# new sewing room progress



## Macybaby (Jun 16, 2006)

DH and I took a mini vacation / road trip to celebrate my Bday and Mother's Day. We visited quite a few quilt and fabric shops. Hit the jackpot at one outlet. They had all cotton remnants on sale at $1.99 a yard, and had just got in a big load, so they had lots to choose from. I added a lot to my stash. 

I was looking for black/white fabric for a project in mind - the rest were just because I liked them. Stopped at a small town quilt shop that was wonderful - and as I was eying up the black/white row, the sales lady noticed and said "The black/whites are on sale 20% off" Music to my ears!

We also found a Duebers that was going out of business and had some pretty white/pastel cotton prints, so I got a selection of them too. 

This is most of it, though I already had a load in the wash. I prewash everything before I put it away. I think I'm going to keep using the two 30" cupboards in me dressing room (old sewing room) for my fabric. Not enough room for it upstairs.










Speaking of upstairs - DH and I spent yesterday and got the cabinets put together and on the wall (Ikea was also on our list of places stopped at). I decided to go with the treadle base for my sewing machine and using other sewing cabinets to fill out what I need. 

Please don't mind the mess - it's going to take a while to get everything the way I envision it. Have to make a few things first.

Here is the main sewing area. Found a cute spot for the featherweight too!










The treadle base I'm suing is fully functional, so DH had to wire the pedal so it would stay put. This moves my machine up a few inches so it works fine to also have the pedal up a few inches. I may need a new chair as the old one does not raise up very far. It goes down really low though!
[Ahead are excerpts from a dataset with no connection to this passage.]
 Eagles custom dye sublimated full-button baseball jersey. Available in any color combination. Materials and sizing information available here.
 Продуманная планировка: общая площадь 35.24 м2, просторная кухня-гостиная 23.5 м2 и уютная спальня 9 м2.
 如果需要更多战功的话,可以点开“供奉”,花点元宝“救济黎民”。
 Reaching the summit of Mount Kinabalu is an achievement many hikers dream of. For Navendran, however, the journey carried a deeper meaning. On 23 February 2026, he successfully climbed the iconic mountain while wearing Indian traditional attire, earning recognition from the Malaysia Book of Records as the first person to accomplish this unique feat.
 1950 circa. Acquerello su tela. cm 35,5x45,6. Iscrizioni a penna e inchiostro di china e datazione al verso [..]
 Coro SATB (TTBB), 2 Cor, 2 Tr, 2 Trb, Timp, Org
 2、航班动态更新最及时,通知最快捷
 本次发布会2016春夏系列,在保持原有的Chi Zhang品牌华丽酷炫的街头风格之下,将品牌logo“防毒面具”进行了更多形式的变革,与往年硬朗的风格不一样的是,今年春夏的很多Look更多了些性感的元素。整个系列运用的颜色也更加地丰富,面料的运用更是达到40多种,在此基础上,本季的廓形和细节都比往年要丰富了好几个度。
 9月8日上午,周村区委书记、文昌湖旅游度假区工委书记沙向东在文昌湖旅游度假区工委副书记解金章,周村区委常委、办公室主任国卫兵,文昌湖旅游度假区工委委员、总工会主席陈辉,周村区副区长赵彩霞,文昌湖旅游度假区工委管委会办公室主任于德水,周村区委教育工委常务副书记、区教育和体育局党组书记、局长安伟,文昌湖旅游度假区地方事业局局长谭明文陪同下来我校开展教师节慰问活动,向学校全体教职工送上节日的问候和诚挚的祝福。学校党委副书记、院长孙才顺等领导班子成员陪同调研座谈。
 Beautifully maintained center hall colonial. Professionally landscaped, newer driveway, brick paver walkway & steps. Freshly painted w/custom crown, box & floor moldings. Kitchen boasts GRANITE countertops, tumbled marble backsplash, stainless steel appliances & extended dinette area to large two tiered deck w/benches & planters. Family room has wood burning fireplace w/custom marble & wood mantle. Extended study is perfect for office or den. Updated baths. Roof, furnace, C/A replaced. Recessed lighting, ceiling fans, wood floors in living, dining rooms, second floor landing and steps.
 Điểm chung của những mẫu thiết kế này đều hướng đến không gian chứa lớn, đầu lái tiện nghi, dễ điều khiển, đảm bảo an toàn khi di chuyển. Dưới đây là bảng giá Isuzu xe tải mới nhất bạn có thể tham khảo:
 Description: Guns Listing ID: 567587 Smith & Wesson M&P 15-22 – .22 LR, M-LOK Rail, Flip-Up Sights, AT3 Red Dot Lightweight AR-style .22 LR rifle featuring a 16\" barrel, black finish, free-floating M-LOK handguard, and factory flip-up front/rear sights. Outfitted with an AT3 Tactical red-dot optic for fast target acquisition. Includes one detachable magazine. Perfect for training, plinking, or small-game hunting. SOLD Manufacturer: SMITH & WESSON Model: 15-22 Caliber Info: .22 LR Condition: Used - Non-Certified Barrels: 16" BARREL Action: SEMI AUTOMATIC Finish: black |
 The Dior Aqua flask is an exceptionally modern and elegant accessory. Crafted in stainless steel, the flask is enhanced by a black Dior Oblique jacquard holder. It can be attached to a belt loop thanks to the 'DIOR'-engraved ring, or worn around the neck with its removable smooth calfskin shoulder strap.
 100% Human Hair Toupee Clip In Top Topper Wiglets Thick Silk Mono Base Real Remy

It's DH's old chair so not a big deal to replace at this point. 

The small cabinet to the right can be opened up to make a nice ironing station while I'm sewing - DH is going to make me something I can use to cover the machine opening so nothing falls in there. He's happy as he can still use the 237 if he wants. We were considering rehoming this machine - he's happier that we are not, even if he never does use it.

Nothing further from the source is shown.